> Problem details
Beginning with the opening line of the entries, return every line through the one containing "Участники митинга минутой", both included, and nothing else. Omit pictures.

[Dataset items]
┏━━
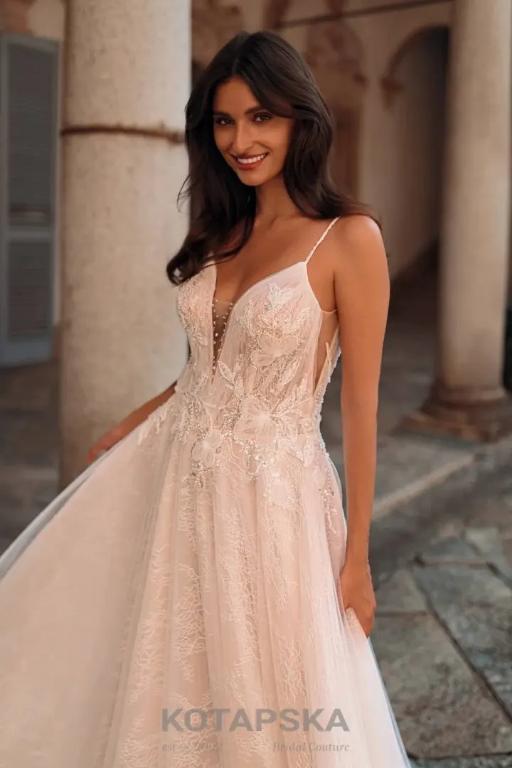 A 2635 menyasszonyi ruha tökéletes választás azoknak a menyasszonyoknak, akik a klasszikus eleganciát modern részletekkel szeretnék ötvözni. A felsőrészt díszítő finom hajtások és a francia Chantilly csipke aprólékos mintázata káprázatos összhangban van a virág rátétekkel, így igazán kifinomult és romantikus hatást kelt. A pántokat és a V kivágású dekoltázst hímzés emeli ki, amely különleges, kézműves részletként teszi egyedivé a modellt. A szoknya több rétegű, lágy tüllből készült, elegánsan követi a mozdulatokat, miközben nem tartalmaz csipke réteget, így a ruha megőrzi könnyed, légies megjelenését. Uszály nélküli kialakítása miatt praktikus, kényelmes és ideális akár polgári, akár templomi esküvőre.
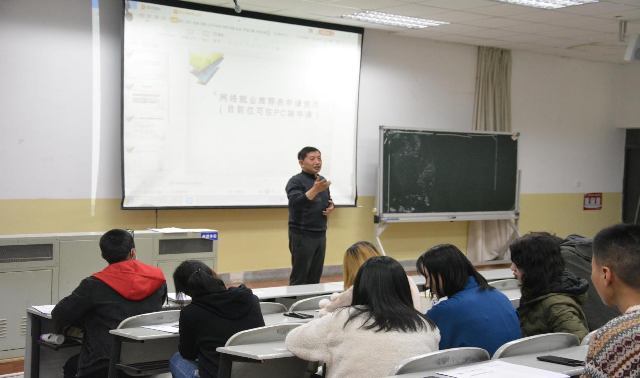 余登贵针对毕业生相关工作做了安排,对毕业生档案转接、云就业平台的操作进行培训,为毕业生准确填报就业信息、网上签订三方协议等内容进行了有效指导。
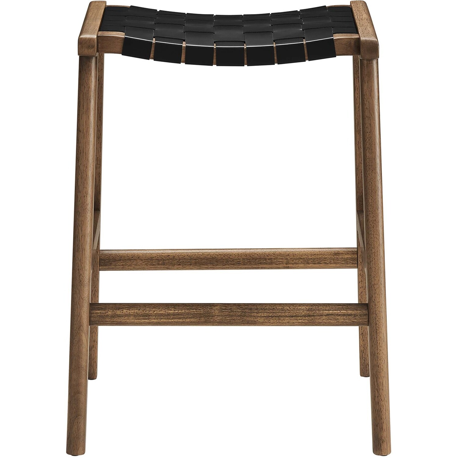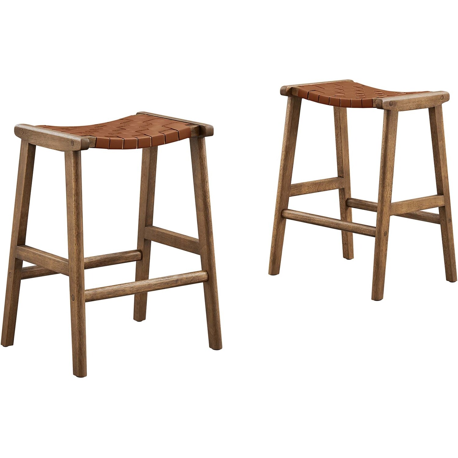 Spark engaging conversations with the Saoirse Counter Stool Set of Two. Artfully crafted with woven leather over a sturdy rubberwood frame, this set of two counter stools blends contemporary design with tactile elegance. Non-marking foot pads ensure both stability and floor protection, while the basket weave design, footrests, and side supports make for a personalized seating experience. These counter stools are perfect for the kitchen, breakfast nook, bar area, dining counter, or entertainment room. Assembly required. Weight Capacity: 331 lbs.Woven Leather
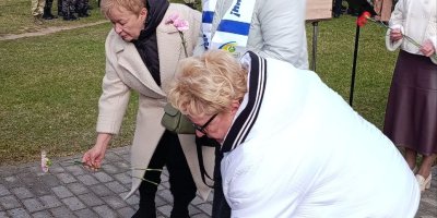 Участники митинга минутой молчания почтили память узников фашистских лагерей смерти, после чего возложили к памятному знаку красные гвоздики и зажгли лампадки
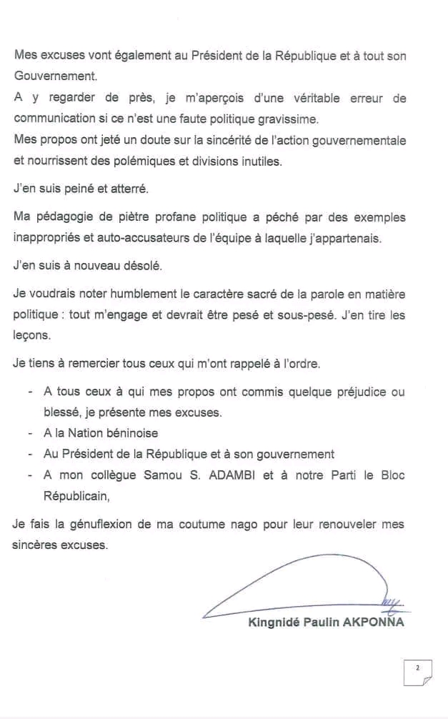 Dans un geste rare en politique béninoise, Paulin AKPONNA va au-delà du simple erratum. Il présente des excuses publiques formelles au Président de la République, à son gouvernement, à son collègue ADAMBI, à son parti le Bloc Républicain et à la Nation entière. Il le fait avec des mots forts, une génuflexion coutumière, et une reconnaissance explicite du poids des mots dans le champ politique.
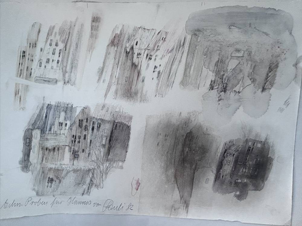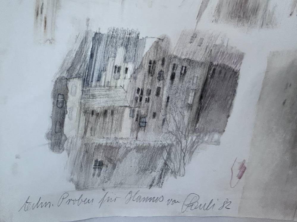 Lithografie, bezeichnet "technische Proben für Hannes Henseleit von Pauli 1982" BG 24x34 cm [1]
┗━━
> Reply to the exercise
 A 2635 menyasszonyi ruha tökéletes választás azoknak a menyasszonyoknak, akik a klasszikus eleganciát modern részletekkel szeretnék ötvözni. A felsőrészt díszítő finom hajtások és a francia Chantilly csipke aprólékos mintázata káprázatos összhangban van a virág rátétekkel, így igazán kifinomult és romantikus hatást kelt. A pántokat és a V kivágású dekoltázst hímzés emeli ki, amely különleges, kézműves részletként teszi egyedivé a modellt. A szoknya több rétegű, lágy tüllből készült, elegánsan követi a mozdulatokat, miközben nem tartalmaz csipke réteget, így a ruha megőrzi könnyed, légies megjelenését. Uszály nélküli kialakítása miatt praktikus, kényelmes és ideális akár polgári, akár templomi esküvőre.
 余登贵针对毕业生相关工作做了安排,对毕业生档案转接、云就业平台的操作进行培训,为毕业生准确填报就业信息、网上签订三方协议等内容进行了有效指导。
 Spark engaging conversations with the Saoirse Counter Stool Set of Two. Artfully crafted with woven leather over a sturdy rubberwood frame, this set of two counter stools blends contemporary design with tactile elegance. Non-marking foot pads ensure both stability and floor protection, while the basket weave design, footrests, and side supports make for a personalized seating experience. These counter stools are perfect for the kitchen, breakfast nook, bar area, dining counter, or entertainment room. Assembly required. Weight Capacity: 331 lbs.Woven Leather
 Участники митинга минутой молчания почтили память узников фашистских лагерей смерти, после чего возложили к памятному знаку красные гвоздики и зажгли лампадки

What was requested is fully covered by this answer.